WHAT IS REQUIRED: Below are some records. Return exactly the lines from the one with "Naszyjnik delikatny, damski" to the one with "Fahrzeugausweis | Vorhanden |", and nothing else.

DATASET CONTENT:
● ● ● ● ●
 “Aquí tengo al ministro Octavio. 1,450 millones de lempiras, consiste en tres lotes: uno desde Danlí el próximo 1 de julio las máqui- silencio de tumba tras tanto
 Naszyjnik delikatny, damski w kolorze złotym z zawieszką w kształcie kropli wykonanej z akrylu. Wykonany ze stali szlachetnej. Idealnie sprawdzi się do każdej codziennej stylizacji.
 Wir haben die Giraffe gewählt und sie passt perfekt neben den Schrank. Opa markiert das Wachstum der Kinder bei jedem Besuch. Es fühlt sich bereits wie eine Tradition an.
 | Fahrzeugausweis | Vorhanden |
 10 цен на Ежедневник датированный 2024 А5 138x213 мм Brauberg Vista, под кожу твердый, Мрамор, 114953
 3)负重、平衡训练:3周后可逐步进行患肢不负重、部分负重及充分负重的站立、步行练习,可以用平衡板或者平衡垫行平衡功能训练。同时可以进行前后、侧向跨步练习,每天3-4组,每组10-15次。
● ● ● ● ●
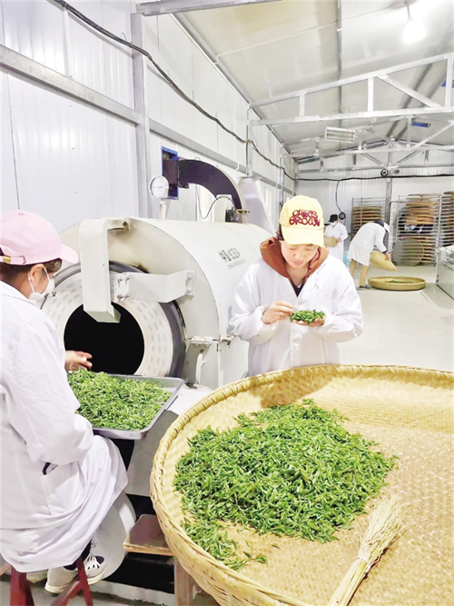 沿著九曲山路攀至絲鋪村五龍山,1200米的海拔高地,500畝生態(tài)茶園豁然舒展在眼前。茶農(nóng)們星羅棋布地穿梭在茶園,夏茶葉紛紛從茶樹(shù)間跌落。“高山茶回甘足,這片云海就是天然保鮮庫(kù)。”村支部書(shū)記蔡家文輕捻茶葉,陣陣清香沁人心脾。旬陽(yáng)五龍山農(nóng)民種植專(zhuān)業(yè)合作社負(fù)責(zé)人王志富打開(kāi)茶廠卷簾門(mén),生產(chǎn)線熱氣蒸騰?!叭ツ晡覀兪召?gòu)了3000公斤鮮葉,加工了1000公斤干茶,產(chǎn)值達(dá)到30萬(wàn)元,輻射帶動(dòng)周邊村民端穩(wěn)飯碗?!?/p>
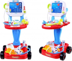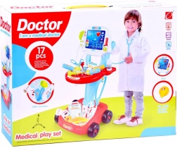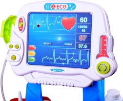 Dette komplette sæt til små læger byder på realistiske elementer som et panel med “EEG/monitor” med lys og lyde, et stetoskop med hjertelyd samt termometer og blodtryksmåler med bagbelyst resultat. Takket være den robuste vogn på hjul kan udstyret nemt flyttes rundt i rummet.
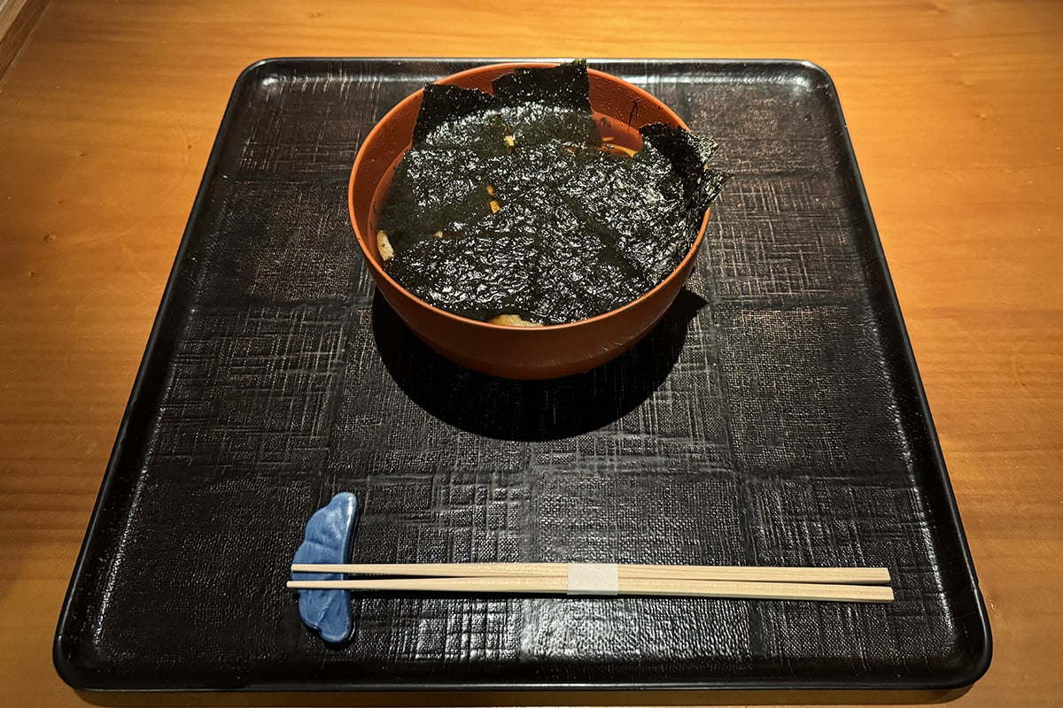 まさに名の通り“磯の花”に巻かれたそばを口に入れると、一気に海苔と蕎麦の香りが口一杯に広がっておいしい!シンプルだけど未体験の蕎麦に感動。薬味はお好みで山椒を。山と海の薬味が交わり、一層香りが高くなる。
● ● ● ● ●
SOLVED PROBLEM:
 Naszyjnik delikatny, damski w kolorze złotym z zawieszką w kształcie kropli wykonanej z akrylu. Wykonany ze stali szlachetnej. Idealnie sprawdzi się do każdej codziennej stylizacji.
 Wir haben die Giraffe gewählt und sie passt perfekt neben den Schrank. Opa markiert das Wachstum der Kinder bei jedem Besuch. Es fühlt sich bereits wie eine Tradition an.
 | Fahrzeugausweis | Vorhanden |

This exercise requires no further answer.